§ **EXERCISE AIM**: First find the line with "2026年2月11日(水・祝", then reproduce it and all following lines of the data to the end, exactly and with no pictures, adding nothing.

§ **INFORMATION SHOWN**:
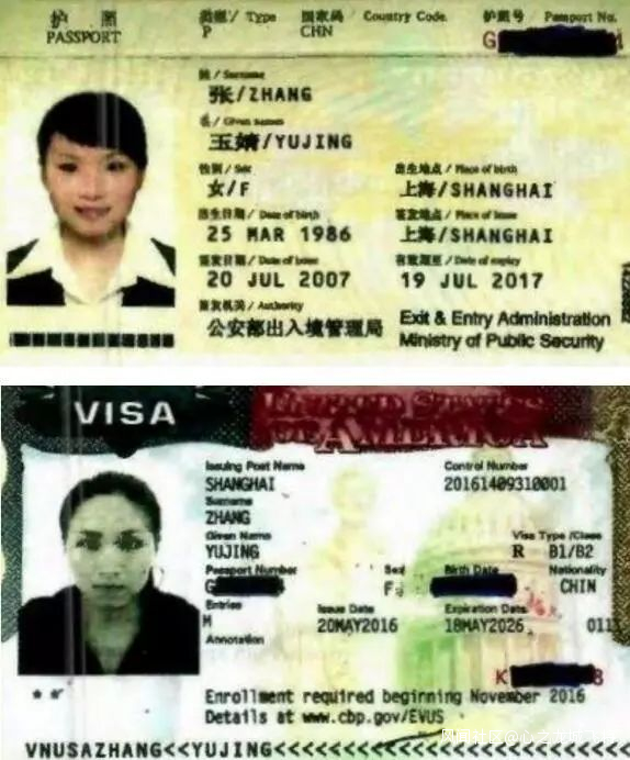 ▲圖為美國媒體公佈的張玉婧的兩本護照和美國簽證,其中第一本已到期,但因為她的美國簽證是2016年獲得的,所以她去美國攜帶了新舊兩本護照。目前她的美國簽證已被吊銷。
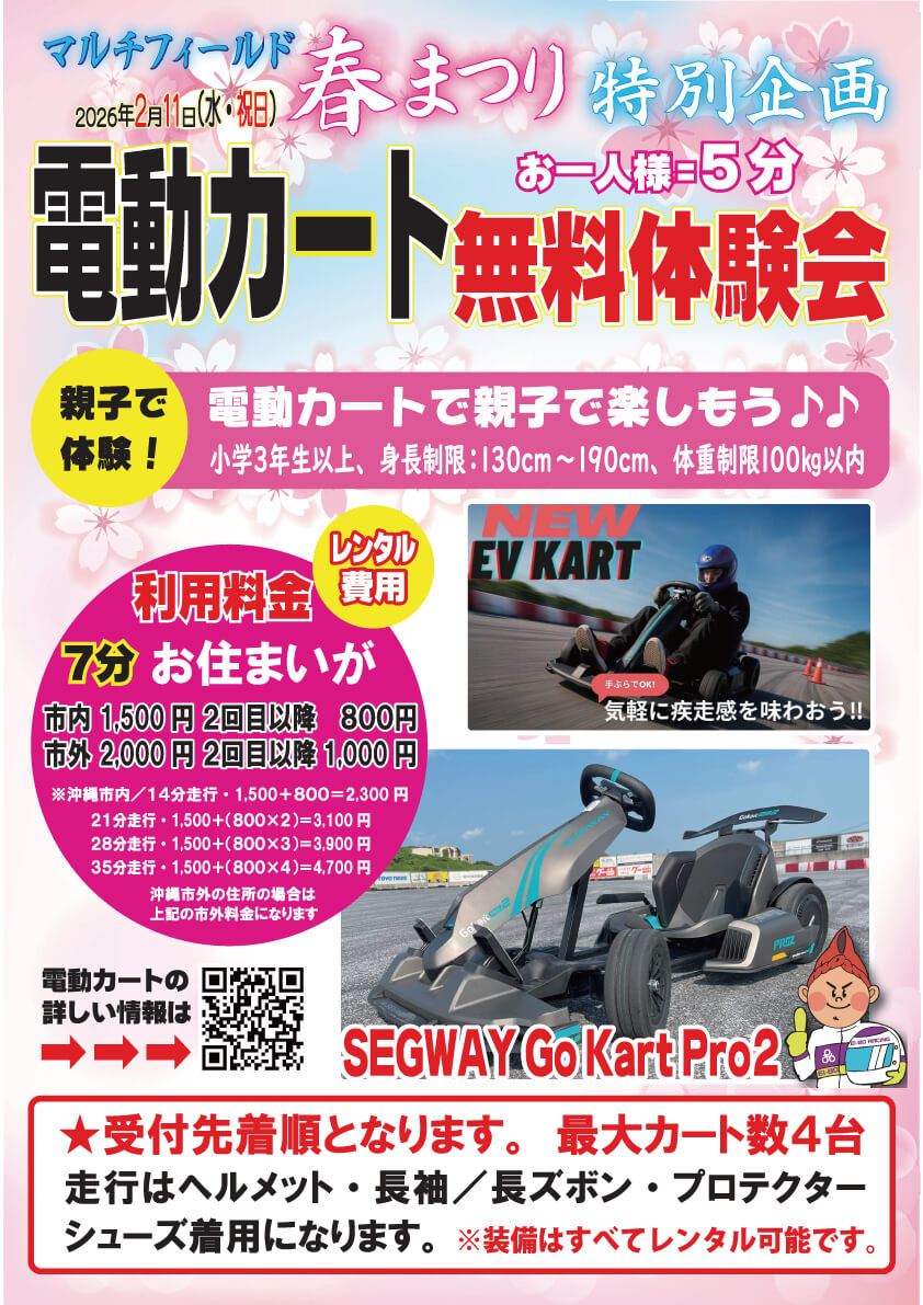 2026年2月11日(水・祝)、沖縄市にあるモータースポーツマルチフィールド沖縄で「マルチフィールド春まつり」が開催される。入場は無料。無料駐車場300台。
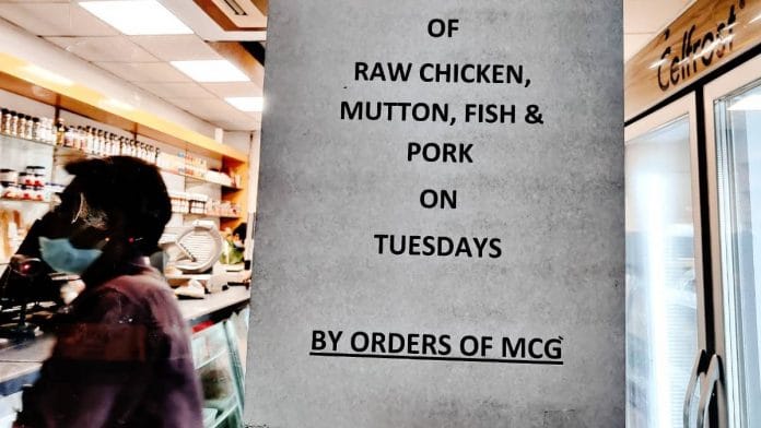 18 मार्च को गुड़गांव नगर निगम (एमसीजी) ने शहर में मंगलवार के दिन कच्चे मांस की बिक्री पर पाबंदी लगा दी, जिसका कारण कथित रूप से ‘हिंदू भावनाओं’ का सम्मान बताया गया. एमसीजी आयुक्त विनय प्रताप सिंह के कथित ऐतराज़ के बावजूद, प्रस्ताव पारित कर दिया गया. सिंह ने कथित रूप से कहा था कि भोजन एक ‘निजी पसंद’ का मामला है.
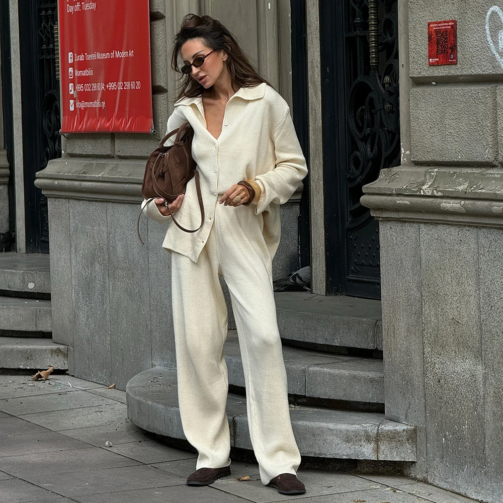 2025 Autumn Winter Leisure Long Sleeve Knitted Commuter Suit Lapel Button Breathable Loose Fit for Europe United States

§ **TASK SOLUTION**:
 2026年2月11日(水・祝)、沖縄市にあるモータースポーツマルチフィールド沖縄で「マルチフィールド春まつり」が開催される。入場は無料。無料駐車場300台。
 18 मार्च को गुड़गांव नगर निगम (एमसीजी) ने शहर में मंगलवार के दिन कच्चे मांस की बिक्री पर पाबंदी लगा दी, जिसका कारण कथित रूप से ‘हिंदू भावनाओं’ का सम्मान बताया गया. एमसीजी आयुक्त विनय प्रताप सिंह के कथित ऐतराज़ के बावजूद, प्रस्ताव पारित कर दिया गया. सिंह ने कथित रूप से कहा था कि भोजन एक ‘निजी पसंद’ का मामला है.
 2025 Autumn Winter Leisure Long Sleeve Knitted Commuter Suit Lapel Button Breathable Loose Fit for Europe United States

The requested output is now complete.